WASHINGTON, D.C. — The Pension Benefit Guaranty Corporation (PBGC) announced today that it has approved the application submitted to the Special Financial Assistance (SFA) Program by the Mid-Jersey Trucking Industry and Teamsters Local 701 Pension Plan (Teamsters 701 Plan). The plan, which is based in North Brunswick, New Jersey, covers 1,623 participants in the transportation industry.
On April 1, 2019, the Teamsters 701 Plan implemented a benefit suspension under the Multiemployer Pension Reform Act of 2014 (MPRA). The plan reduced benefits of about 500 participants. On average, affected participants’ benefits were reduced by 40 percent.
PBGC’s approval of the SFA application enables the plan to restore benefits suspended under the terms of MPRA and to make payments to retirees to cover prior benefit suspensions. SFA will enable the plan to pay retirement benefits without reduction for many years into the future. The plan will receive $142.2 million in SFA, including interest to the expected date of payment to the plan.
“The approval of the Special Financial Assistance to the Mid-Jersey Trucking Industry and Teamsters Local 701 Pension Plan today will guarantee full retirement benefits for these 1,623 transportation workers,” said U.S. Secretary of Labor Marty Walsh, chair of the Pension Benefit Guaranty Corporation Board of Directors. “Since 2019, 500 retirees have had their benefits reduced an average of 40%. Today’s action, made possible by the American Rescue Plan, will restore these workers’ hard earned retirement benefits.”

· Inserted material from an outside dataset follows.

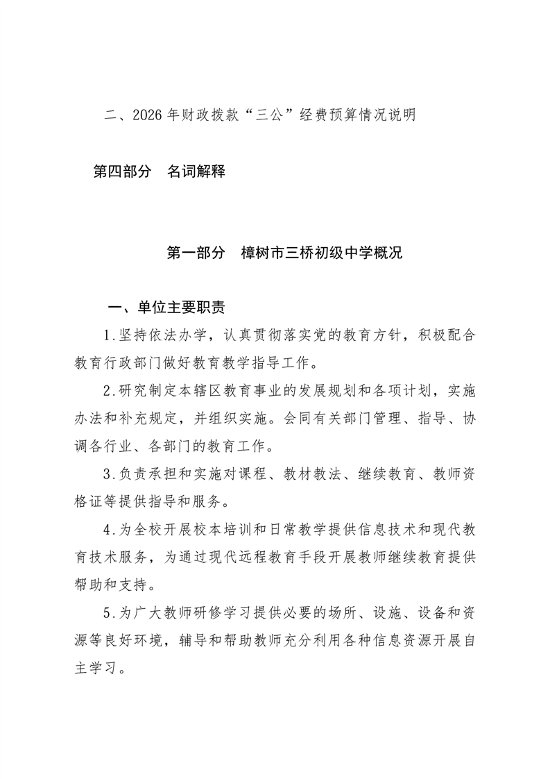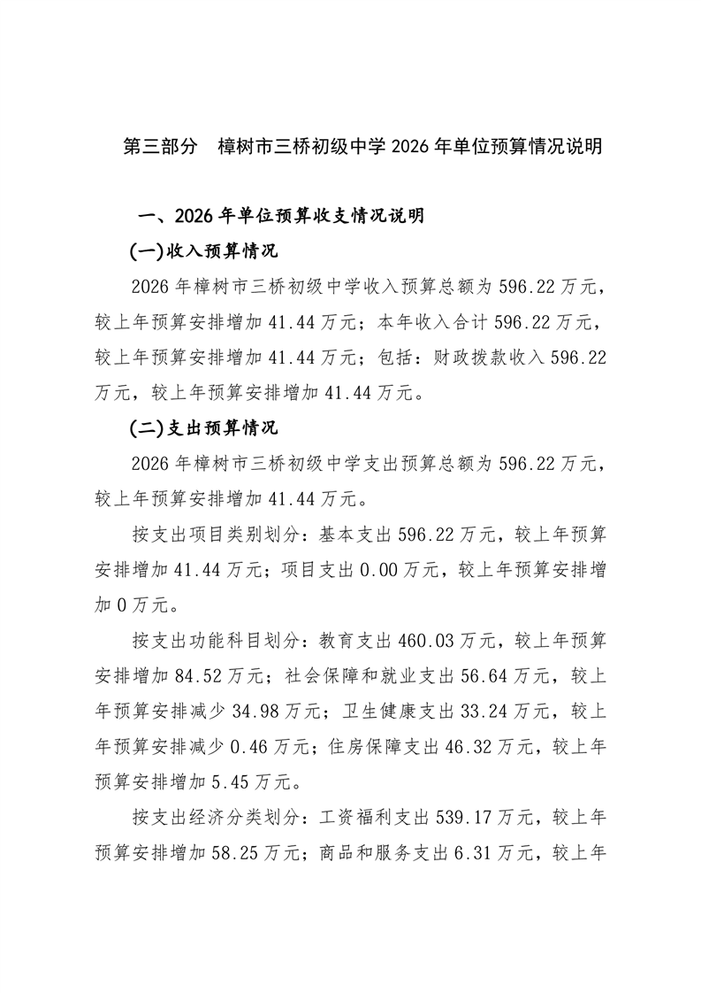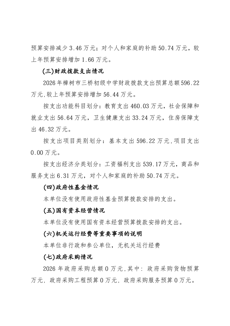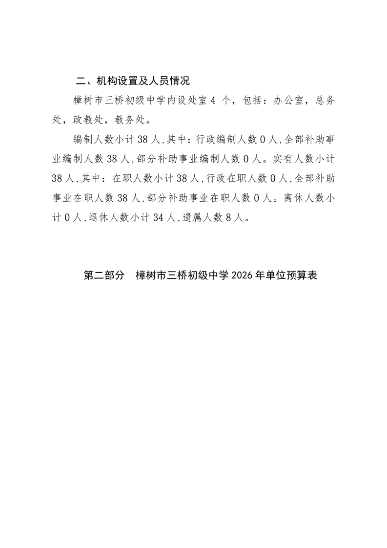 樟樹市三橋初級中學2026年單位預算
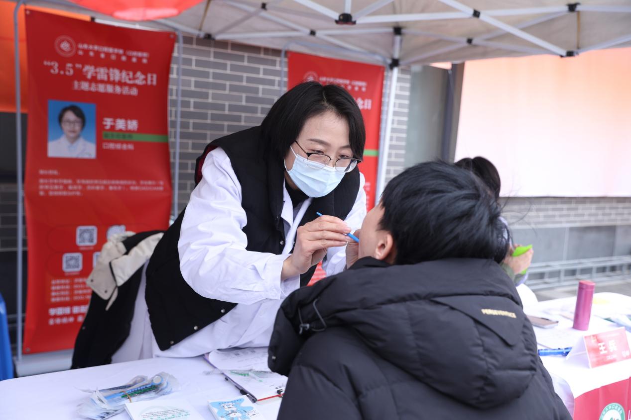 口腔健康义诊区,由急诊科主任刘峰、综合科于美娇、正畸科王兵等多科室医护人员组成的学雷锋义诊团队,耐心细致地为每一位前来咨询的师生提供免费口腔检查和专业健康指导。微光护理志愿服务队护士长严媛媛、山东大学学生微笑之光口腔爱心服务社则通过刷牙机、口腔模型演示等方式开展口腔卫生宣教,将专业口腔健康知识转化为通俗易懂的日常科普,用实际行动践行了服务师生学雷锋志愿服务精神。

About the Special Financial Assistance Program
The SFA Program was enacted as part of the American Rescue Plan Act of 2021 (ARP). The program is expected to provide funding to over 250 severely underfunded multiemployer pension plans and will ensure that over three million of America’s workers, retirees, and their families receive the pension benefits they earned through many years of hard work.
The SFA Program requires plans to demonstrate eligibility for SFA and to calculate the amount of assistance pursuant to ARP and PBGC’s regulations. A plan may use the funds only to pay plan benefits and administrative expenses. SFA and earnings thereon must be segregated from other plan assets and plans are not obligated to repay SFA to PBGC. Plans receiving SFA are also subject to certain terms, conditions and reporting requirements, including an annual statement documenting compliance with the terms and conditions. PBGC is authorized to conduct periodic audits of multiemployer plans that receive SFA.
The SFA Program operates under an Interim Final Rule which was published in the Federal Register on July 12, 2021. The Interim Final Rule included a request for public comments, with an emphasis on feedback where any additional guidance may be needed. PBGC is currently reviewing those comments and may incorporate changes in the Final Rule in response to comments that PBGC received.
As of May 27, 2022, PBGC has approved over $6.5 billion to plans that cover over 125,000 workers and retirees.